The next day, she went to the interdisciplinary Summit Medical Group doctor's office in Knoxville to be examined for a suspected flu. However, it was found there that she was not suffering from influenza.
However, an unusually severe swelling was noticed on her thumb. The patient was asked to monitor the site, especially if the swelling worsened. When Ms. Sharp called over the phone that the swelling had spread to her right arm and a red rash had formed, she was told to go to the emergency room the next day.
"She could have lost her finger or arm if she had not been properly diagnosed," said the attending doctor, Dr. Udit Chaudhuri, internist at Summit Medical Group, told WBIR. The patient had contracted a dangerous bacterial infection known as "necrotizing fasciitis".

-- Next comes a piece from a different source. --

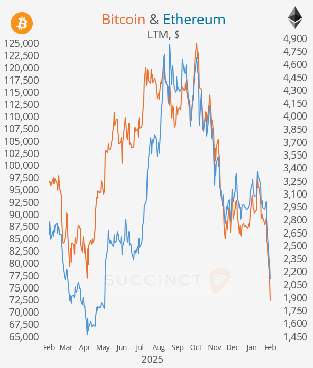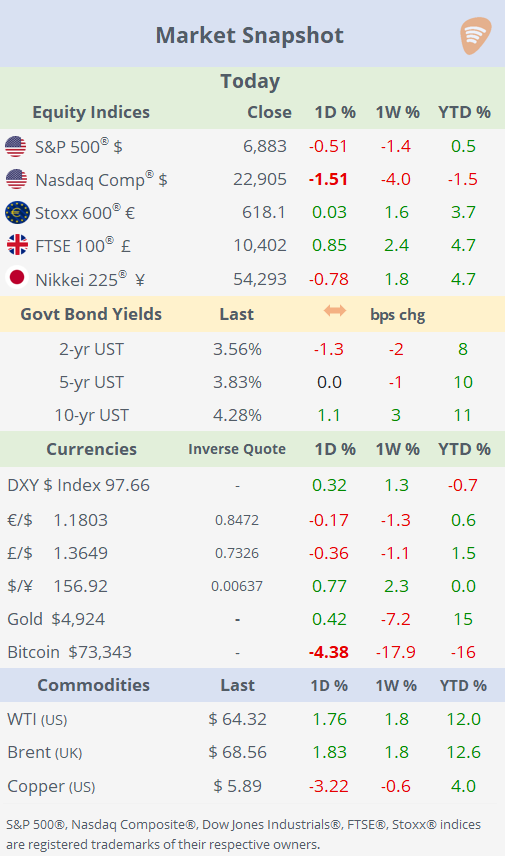Across macro assets, the $ firmed mainly versus the ¥, crypto losses deepened with Bitcoin down 18% in seven sessions to $73,300, and core bond yields were little changed with the 10-year Treasury steady at 4.28%. In commodities, energy prices moved higher, copper fell 3%, and silver jumped 4.5%.

Disease can be life threatening
According to the British National Heatlh Service (NHS), necrotizing fasciitis is a rare but serious bacterial infection that affects the tissue under the skin and the surrounding muscles and organs (fascia). The infectious disease often begins with non-specific symptoms such as local pain and fever. The affected areas swell within a few days, the skin above the focus of infection initially becoming bluish-red and then bluish-gray.
"It is sometimes referred to as a" carnivorous disease "even though the bacteria it causes do not" eat "meat - they release toxins that damage nearby tissues," the NHS experts write. "Necrotizing fasciitis can result from a relatively small injury, such as a small incision, but worsens very quickly and can be life-threatening if it is not recognized and treated early," the NHS continues.
Particularly at risk as a diabetic
The Knoxville patient was particularly at risk: "Sharp is a diabetic, which makes her more vulnerable," said Dr. Chaudhuri. The patient told the TV station that she was slowly regaining the feeling in her right hand after the surgery, but was still having problems using floss, for example. "My life changed completely when it happened to me," she said.
A manager of the nail salon concerned informed WBIR-TV that the company had passed a state inspection several days after Sharp's report that it had been infected with carnivorous bacteria. He said the company cleaned the tools in accordance with legal requirements. (ad)
Author and source information
This text corresponds to the specifications of the medical literature, medical guidelines and current studies and has been checked by medical doctors.